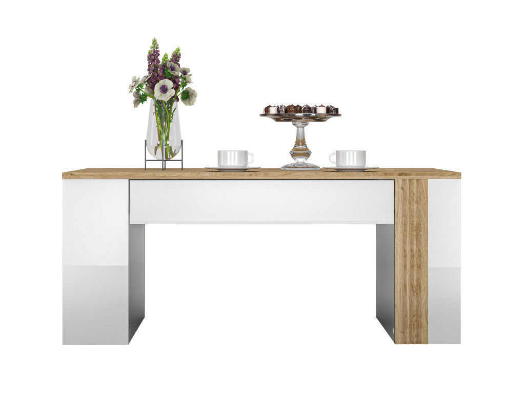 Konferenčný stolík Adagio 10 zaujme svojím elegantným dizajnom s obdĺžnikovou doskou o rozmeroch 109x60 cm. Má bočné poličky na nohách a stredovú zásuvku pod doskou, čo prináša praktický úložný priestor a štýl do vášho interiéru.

==

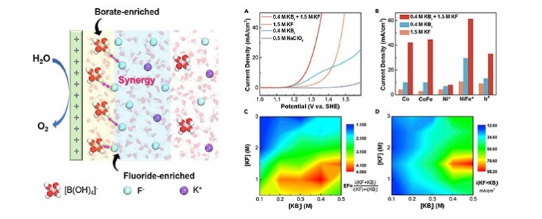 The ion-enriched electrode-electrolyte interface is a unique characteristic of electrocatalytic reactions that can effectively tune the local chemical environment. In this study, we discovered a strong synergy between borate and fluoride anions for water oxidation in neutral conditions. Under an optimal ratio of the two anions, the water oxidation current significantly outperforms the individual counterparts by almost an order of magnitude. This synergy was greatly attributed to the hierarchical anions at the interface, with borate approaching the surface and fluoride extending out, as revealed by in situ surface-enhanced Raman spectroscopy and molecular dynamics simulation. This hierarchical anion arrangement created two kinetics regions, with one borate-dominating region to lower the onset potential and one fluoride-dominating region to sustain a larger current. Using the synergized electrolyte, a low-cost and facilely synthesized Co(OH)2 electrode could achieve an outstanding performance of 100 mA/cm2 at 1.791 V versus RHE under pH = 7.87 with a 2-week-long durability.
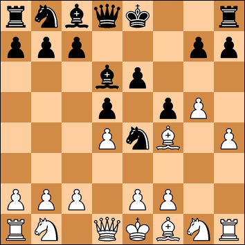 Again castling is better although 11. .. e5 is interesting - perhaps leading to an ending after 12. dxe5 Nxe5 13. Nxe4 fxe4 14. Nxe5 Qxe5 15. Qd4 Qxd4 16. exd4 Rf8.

---

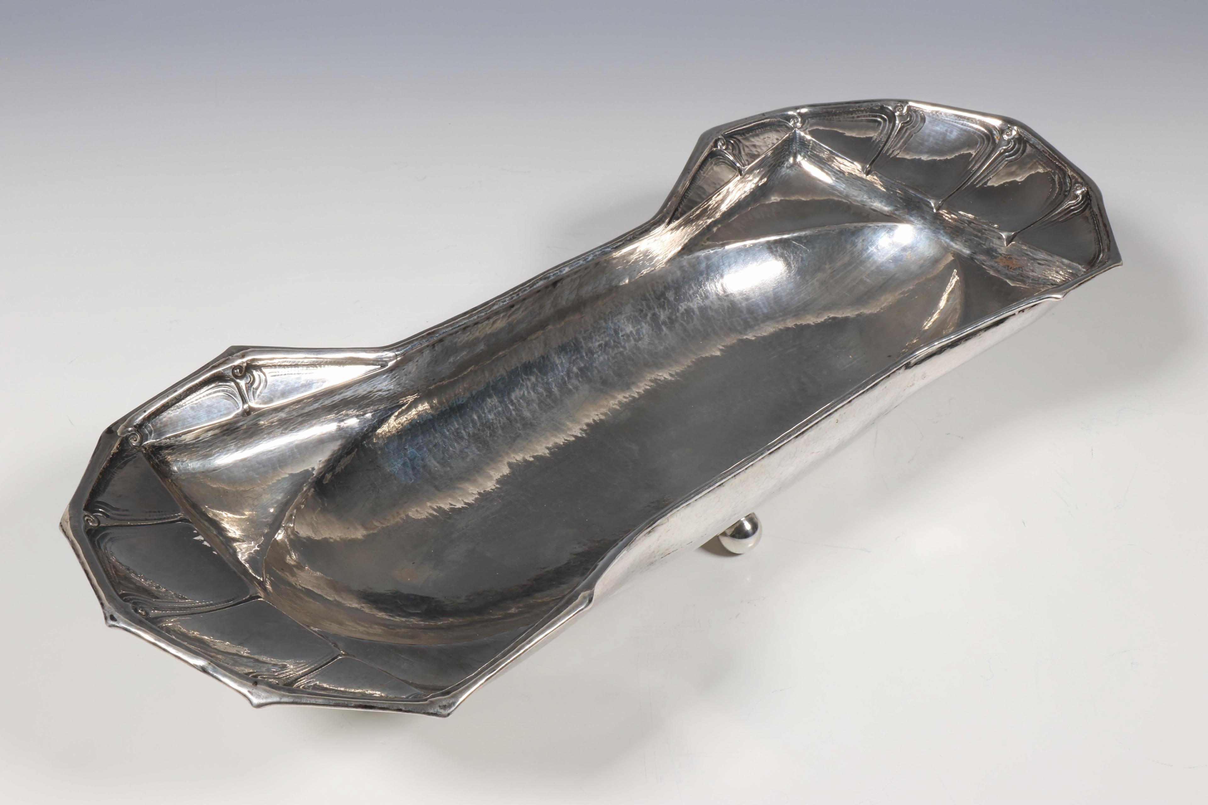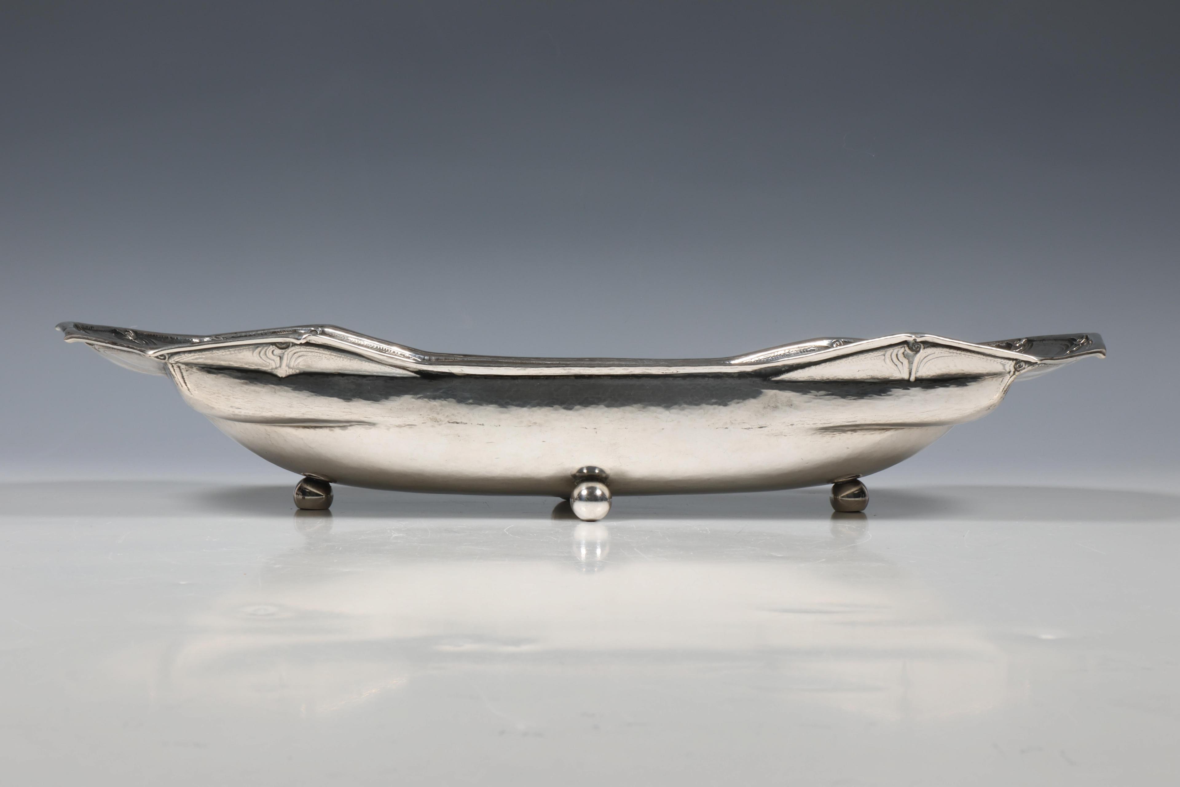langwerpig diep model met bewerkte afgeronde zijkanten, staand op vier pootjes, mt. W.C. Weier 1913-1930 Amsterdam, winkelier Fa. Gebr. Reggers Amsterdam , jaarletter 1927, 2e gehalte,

> _What the exercise asks_
From the records above, copy exactly the lines starting at the one with "The ion-enriched electrode-electrolyte" and ending at the one with "Again castling is", and no others. Pictures stay out.

> _Expected answer_
 The ion-enriched electrode-electrolyte interface is a unique characteristic of electrocatalytic reactions that can effectively tune the local chemical environment. In this study, we discovered a strong synergy between borate and fluoride anions for water oxidation in neutral conditions. Under an optimal ratio of the two anions, the water oxidation current significantly outperforms the individual counterparts by almost an order of magnitude. This synergy was greatly attributed to the hierarchical anions at the interface, with borate approaching the surface and fluoride extending out, as revealed by in situ surface-enhanced Raman spectroscopy and molecular dynamics simulation. This hierarchical anion arrangement created two kinetics regions, with one borate-dominating region to lower the onset potential and one fluoride-dominating region to sustain a larger current. Using the synergized electrolyte, a low-cost and facilely synthesized Co(OH)2 electrode could achieve an outstanding performance of 100 mA/cm2 at 1.791 V versus RHE under pH = 7.87 with a 2-week-long durability.
 Again castling is better although 11. .. e5 is interesting - perhaps leading to an ending after 12. dxe5 Nxe5 13. Nxe4 fxe4 14. Nxe5 Qxe5 15. Qd4 Qxd4 16. exd4 Rf8.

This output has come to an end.